Vous pouvez aussi surfer sur la familiarisation aux nouveaux outils de visio…
Oui en effet. Et cela se traduit par exemple dans notre volonté de faire davantage rayonner les événements au delà d’un instant T. Le digital permet aussi d’entretenir un lien dans la durée, entre deux opérations en présentiel.

Quel est, d’après vous, l’avenir du digital dans le secteur ?
Aujourd’hui, nous avons complètement intégré le fait de se demander au préalable s’il faut organiser un événement en présentiel, en hybride ou en 100% virtuel. En octobre 2019, nous avons eu la bonne idée de racheter un spécialiste du digital, Weconext. Nous avons tout de suite mis en place des process de travail avec eux, associant leur expertise technique à la nôtre en matière de contenu, de scénographie des événements… Nous avons même monté un studio à l’agence, l’East Studio. Il est évident que certaines réunions organisées autrefois en présentiel le seront désormais en digital. Et ce dans certains cas afin de s’inscrire dans une démarche RSE. Cela fait déjà un moment en effet que les questions environnementales sont très importantes, que les entreprises demandent à leurs prestataires d’être aussi vertueux qu’elles. Cette dimension RSE est désormais un pré-requis quand on monte une recommandation.

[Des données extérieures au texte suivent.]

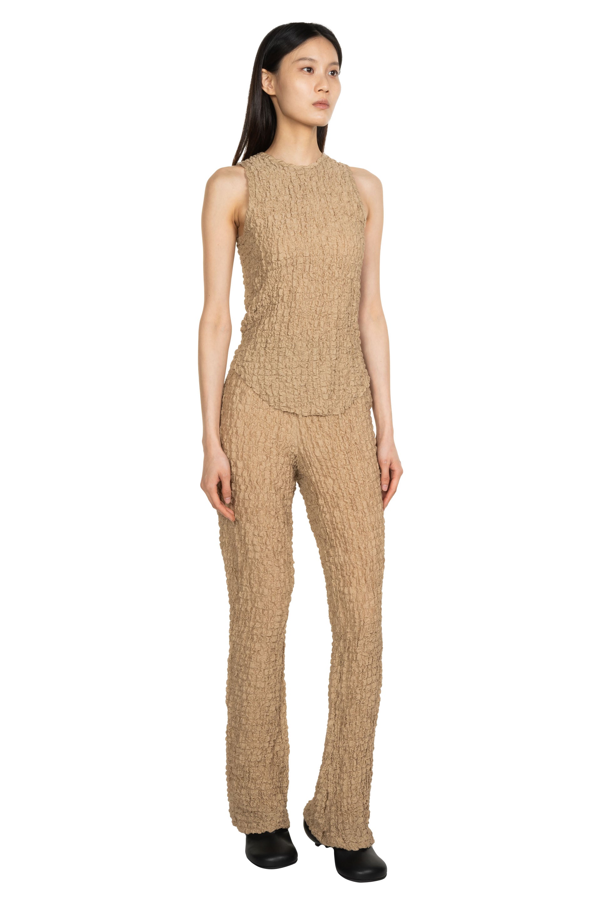 Founded in 2010 by childhood friends Melvin Tanaya and Lyna Ty, Song for the Mute is all about choosing materials carefully. The duo meticulously develops, samples, and selects fabrics in collaboration with artisanal Italian and Japanese mills before patterning their intimate, story-driven collections as seen with the Popcorn Jersey Basic Tank Top Camel.
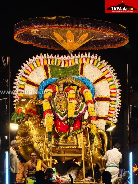 நினைத்தாலே முக்தி தரும் திருவண்ணாமலை கார்த்திகை தீபத்திருவிழா அருள்மிகு அருணாசலேசுவரர் திருக்கோயில் பத்தாம் நாள் இரவு நேற்று (05.12.2025) பஞ்சமூர்த்திகள்- தங்க ரிஷப வாகனத்தில் காட்சியளித்தார்.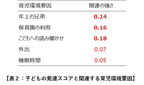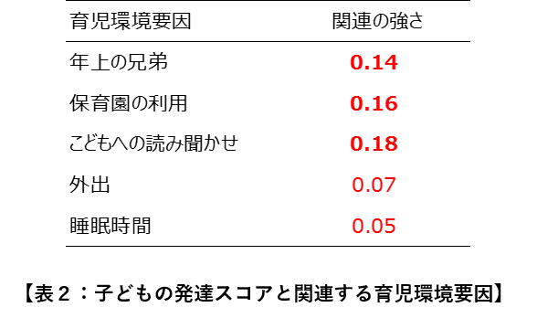 子どもの発達スコアを高くする育児環境要因として、年上の兄弟、保育園の利用、子どもへの読み聞かせが挙げられました。(表2)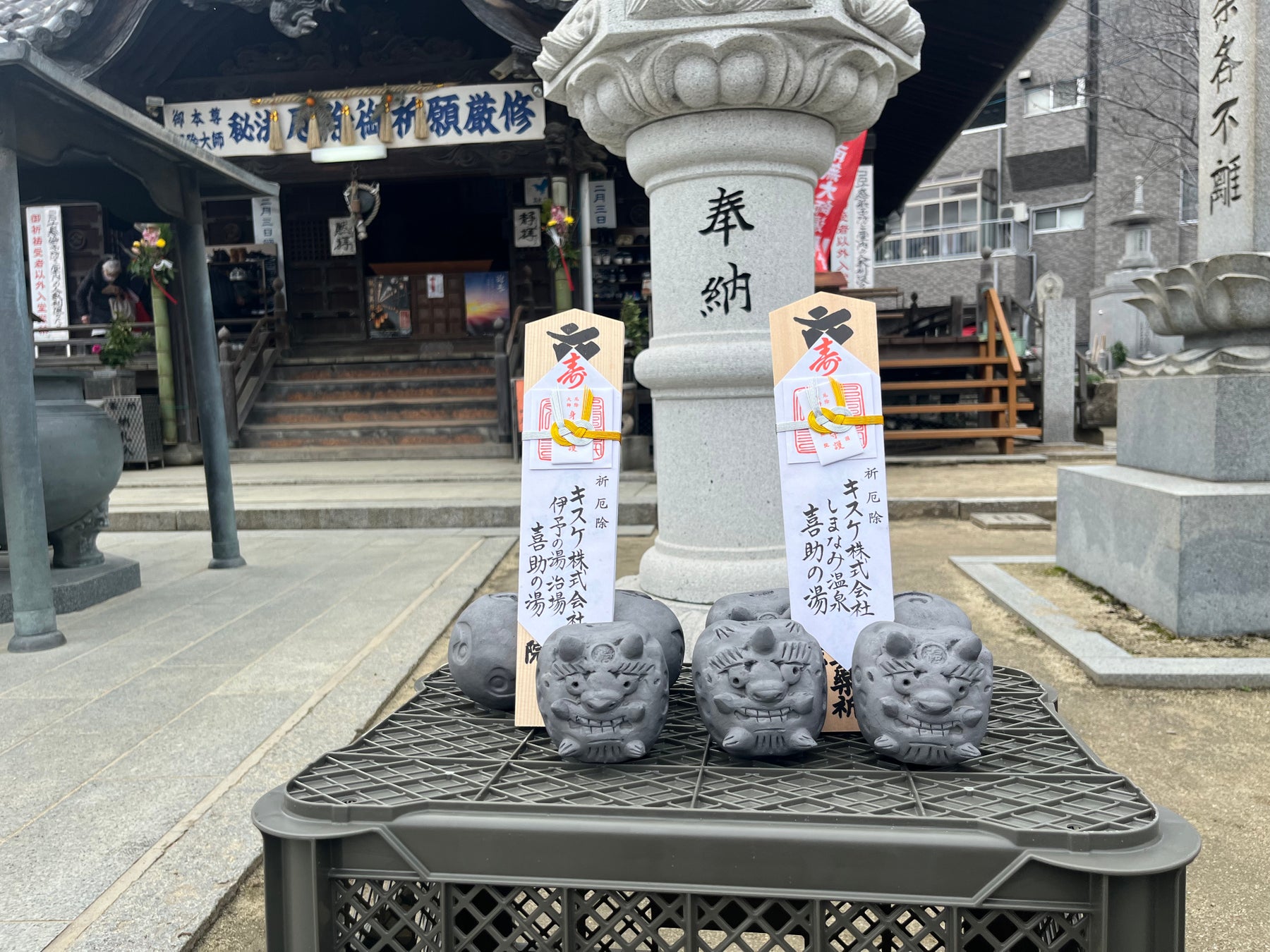 喜助の湯では、製造したサウナストーン「鬼丸」「鬼玉」の厄除け祈祷のため、愛媛県今治市菊間町に所在する寺院「やくよけ大師 遍照院」のご協力を得ました。遍照院は、四国八十八箇所番外札所、新四国曼荼羅霊場第42番札所として知られ、厄除大師の別名で親しまれています。弘法大師が42歳の時、自らの厄除けと末代緒人の厄除けのために開いたとされる遍照院は、毎年2月の「節分会厄除大祭」には、大勢の善男善女が、厄除祈願、諸願成就のために参詣します。

Les événements seront par ailleurs plus « transformatifs » à l’avenir. Il faut que l’annonceur se pose les bonnes questions sur la finalité de son événement, la teneur du discours à tenir. Nous devons aller vers plus de partage, de bonnes pratiques, de nouvelles manières de parler, afin aussi de fidéliser les collaborateurs et d’attirer de nouveaux talents. Et c’est la valeur ajoutée de notre agence que d’y répondre. C’est aussi l’une des traductions de l’évolution de notre métier.

J’émettrais enfin un souhait pour l’avenir : que les clients cessent de démultiplier les appels d’offres ! Le choix de travailler avec une agence traduit une marque de confiance. On peut comprendre que deux ou trois agences soient sollicitées sur une opération. Mais être mis systématiquement en compétition avec une dizaine d’autres agences génère de grandes difficultés pour nous tous. Évoluer sur ce point serait un grand progrès.

(*) Les salons et foires sont de nouveau autorisés depuis ce mercredi 9 juin, sans contraintes jusqu’à 1000 personnes, mais avec le pass sanitaire à présenter à l’entrée pour les événements rassemblant 1 000 à 5 000 personnes. Le 30 juin enfin, les limites de jauge sont supprimées, en tenant toutefois compte des situations locales si elles sont encore très disparates ; le pass sanitaire, lui, sera en revanche toujours de rigueur au delà de 1 000 personnes.